I might be out on a limb here, but I feel like you might be suggesting this is indicative of something - that is, “this happens more than it should, therefore…” Am I right? What’s the conclusion you’re pursuing?
My brother’s phone number (with area code - i.e. 10 consecutive digits) appears within the first 200 million digits of Pi.
Search here: The Pi-Search Page
Not always. Take the Celsius and the Kelvin temperature scales. There is no temperature at which °C = K. The reason for this is that the interval between two temperatures 1 °C apart is the same as the interval between two temperatures 1 K apart, but the two scales use different null points. Of course, this is because the Kelvin was deliberately designed that way; the intervals are the same as in the Celsius scale, but the null point of the Kelvin scale has been moved down to the absolute zero, at -273.16 °C, so that the Kelvin value of a given temperature will always be its Celsius value plus 273.16.
But this is not the same interrelationship as exists between the Celsius and the Fahrenheit scales. These two use both different null points and different intervals of one degree, and under such circumstances there will, indeed, by necessity be some temperature at which °C = °F.
Simply there is something going on that we can’t understand.
Jung
Do you think that something is outside of your head?
What Jung really said was that processes inside human brains / mind sometimes connect meanings to things that are actually factually unrelated. The “mystery” is entirely why this bug in human cognition exists and how it operates.
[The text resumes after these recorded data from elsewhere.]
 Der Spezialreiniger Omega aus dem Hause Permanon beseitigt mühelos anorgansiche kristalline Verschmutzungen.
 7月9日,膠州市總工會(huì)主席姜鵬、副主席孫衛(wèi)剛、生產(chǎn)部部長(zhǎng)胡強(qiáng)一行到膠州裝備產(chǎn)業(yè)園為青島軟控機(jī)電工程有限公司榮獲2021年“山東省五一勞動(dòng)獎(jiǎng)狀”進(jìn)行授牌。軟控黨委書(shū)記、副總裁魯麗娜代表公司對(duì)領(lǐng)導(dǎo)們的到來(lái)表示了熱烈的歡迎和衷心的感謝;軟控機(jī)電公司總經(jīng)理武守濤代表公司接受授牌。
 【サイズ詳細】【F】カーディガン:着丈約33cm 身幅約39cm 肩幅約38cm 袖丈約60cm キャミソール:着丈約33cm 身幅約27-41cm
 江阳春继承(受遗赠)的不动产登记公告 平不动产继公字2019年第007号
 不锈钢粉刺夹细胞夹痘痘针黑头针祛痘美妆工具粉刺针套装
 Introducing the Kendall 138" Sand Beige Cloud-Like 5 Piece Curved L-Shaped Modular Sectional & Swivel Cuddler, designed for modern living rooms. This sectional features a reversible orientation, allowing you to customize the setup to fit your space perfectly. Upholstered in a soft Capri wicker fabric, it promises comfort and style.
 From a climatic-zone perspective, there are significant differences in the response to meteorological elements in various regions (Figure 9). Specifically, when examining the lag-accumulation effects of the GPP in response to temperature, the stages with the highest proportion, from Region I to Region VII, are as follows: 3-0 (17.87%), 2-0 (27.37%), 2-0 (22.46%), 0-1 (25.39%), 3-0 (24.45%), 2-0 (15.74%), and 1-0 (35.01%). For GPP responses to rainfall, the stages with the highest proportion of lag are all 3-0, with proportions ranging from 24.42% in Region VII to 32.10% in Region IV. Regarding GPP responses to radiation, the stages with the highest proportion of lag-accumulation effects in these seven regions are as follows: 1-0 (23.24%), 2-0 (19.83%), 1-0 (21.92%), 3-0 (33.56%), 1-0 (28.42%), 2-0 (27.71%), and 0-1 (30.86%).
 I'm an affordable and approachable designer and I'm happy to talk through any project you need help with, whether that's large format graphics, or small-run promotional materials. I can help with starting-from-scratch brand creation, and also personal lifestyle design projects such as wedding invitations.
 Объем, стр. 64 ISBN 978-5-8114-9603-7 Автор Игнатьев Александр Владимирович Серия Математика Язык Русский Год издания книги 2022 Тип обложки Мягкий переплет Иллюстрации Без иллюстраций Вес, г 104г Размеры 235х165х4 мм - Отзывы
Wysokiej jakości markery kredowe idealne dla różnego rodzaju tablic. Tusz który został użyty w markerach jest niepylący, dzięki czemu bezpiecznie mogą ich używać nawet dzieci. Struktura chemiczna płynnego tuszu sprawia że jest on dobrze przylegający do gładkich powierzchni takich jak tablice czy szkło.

All the rest is ignorant credulous woo.
Nothing to see here. Move along now.
That Wikipedia article says synchronicity is pseudoscience. Which it is. The ramblings of the early psychologists have been abandoned by science for a reason.
Good point.
And the map on the table analogy would also fail if the map is at exactly 1 to 1 scale.
That would be a remarkable coincidence, wouldn’t it?
Cool! And I actually think I know why it works. 
I occupied an apartment in Zurich for a year. Outside the bathroom window was a thermometer that had two scales, Celsius and Reaumur. I happened to notice that if added the two values and added 32 you always got the Fahrenheit temperature. Of course this is obvious once you realize that Reaumur scale is precisely .8 of the Celsius scale. But a surprising coincidence nonetheless.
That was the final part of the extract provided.